AI agents call obsidian_dev_errors to retrieve information from Obsidian without modifying anything — typically the context-gathering step in research, monitoring, and reporting workflows, before the agent takes action elsewhere.
This tool queries diagnostic information from Obsidian's DevTools console. While error logs may contain sensitive information about the user's system, plugins, or workflows, the operation itself is non-destructive and performs no writes, deletions, or external side effects. It falls clearly into the Read category.
From the tool's definition Tool retrieves recent JS errors from the Obsidian DevTools console with no side effects or modifications. The name and description indicate a query/retrieval function: 'Returns recent JS errors' is fundamentally a read operation.
Attacks that exploit this kind of access
Returns recent JS errors from the Obsidian DevTools console. It is categorised as a Read tool in the Obsidian MCP Server, which means it retrieves data without modifying state.

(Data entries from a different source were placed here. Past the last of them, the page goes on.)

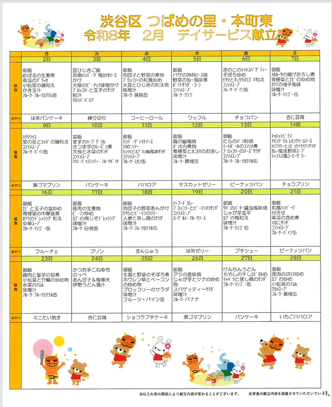 2026.02.02 お食事 2月の献立 Tweet シェアする 今月の献立をアップいたしました。 臨時や振替のご利用もご相談くださいませ。 2月献立pdf 渋谷区つばめの里・本町東高齢者在宅サービスセンター M 前の記事 2026.02.04 お食事 立春を迎えました 次の記事 2026.01.31 お食事 今月の「なないろサロン」 ★ 一覧へ戻る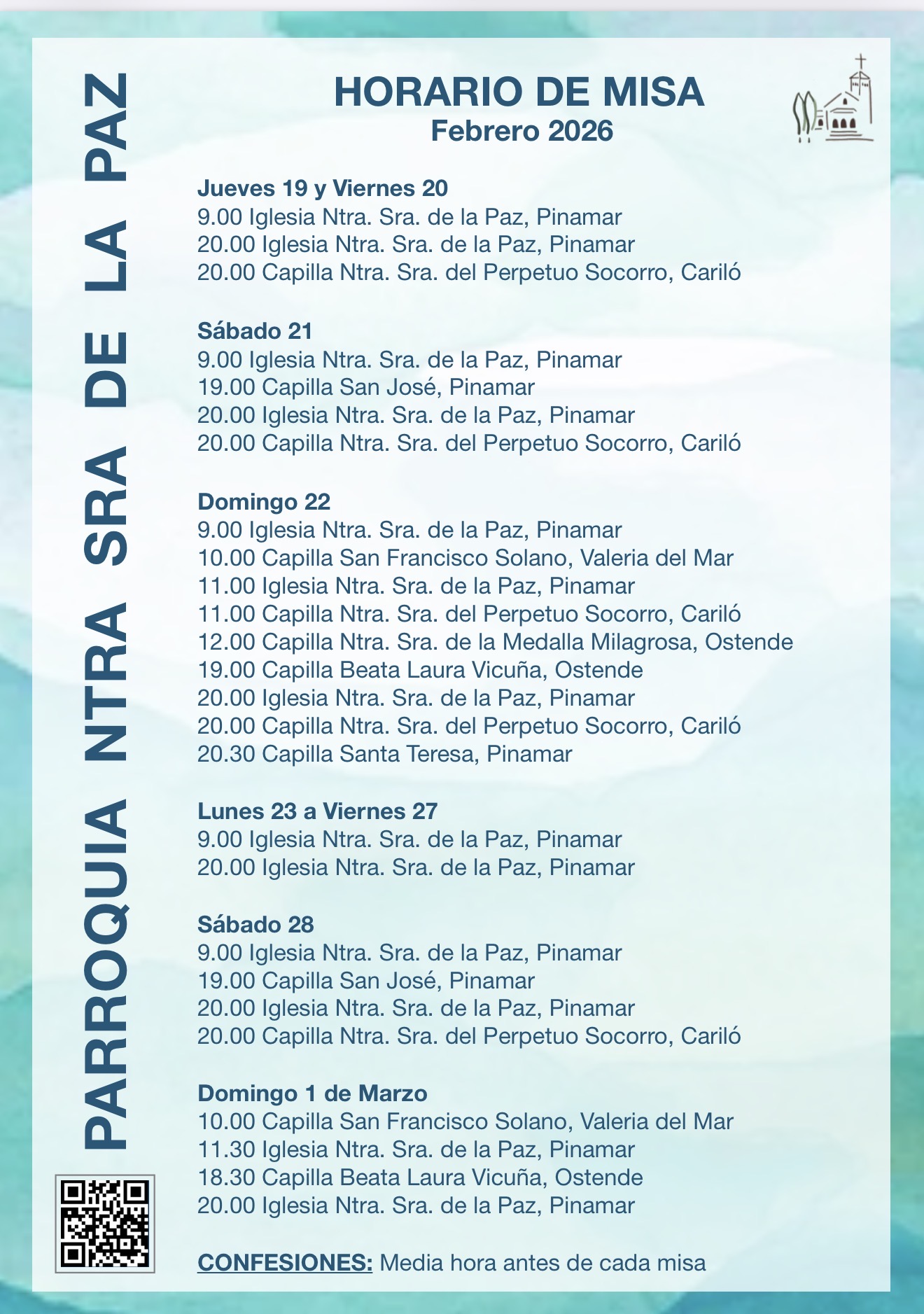 PARA CONSULTAR HORARIO DE MISAS, CONFESIONES, SECRETARÍA Y LIBRERÍA PARROQUIAL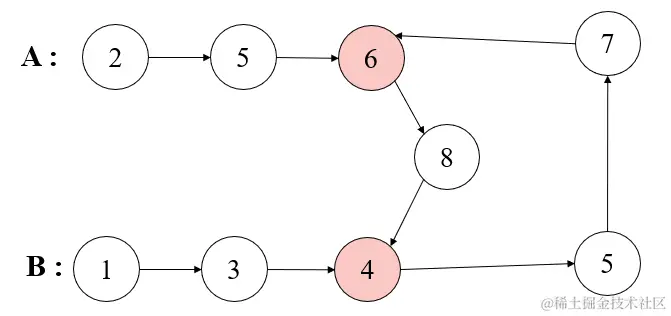以 入口点 作为两个链表的结束,红色范围 左侧 就转化为了 两个单链表找交点 的题目。

Register the Obsidian MCP server in PolicyLayer and add a rule for obsidian_dev_errors: allow, deny, rate-limit, or require approval. Point your MCP client at the PolicyLayer proxy URL and the rule is enforced on every call, before it reaches Obsidian. Nothing to install.
obsidian_dev_errors is a Read tool with low risk. Read-only tools are generally safe to allow by default.
Yes. Add a rate_limit block to the obsidian_dev_errors rule in your PolicyLayer policy. For example, setting max: 10 and window: 60 limits the tool to 10 calls per minute. Rate limits are tracked per agent session and reset automatically.
Set action: deny in the PolicyLayer policy for obsidian_dev_errors. The AI agent will receive a policy violation error and cannot call the tool. You can also include a reason field to explain why the tool is blocked.
obsidian_dev_errors is provided by the Obsidian MCP server (yuchi-chang/obsidian-mcp). PolicyLayer sits as a proxy in front of this server to enforce policies before tool calls reach the server.
Every MCP server has a record like this.
Type a name, get the same breakdown: verified identity, auth posture, risk grade, capabilities, recommended policy.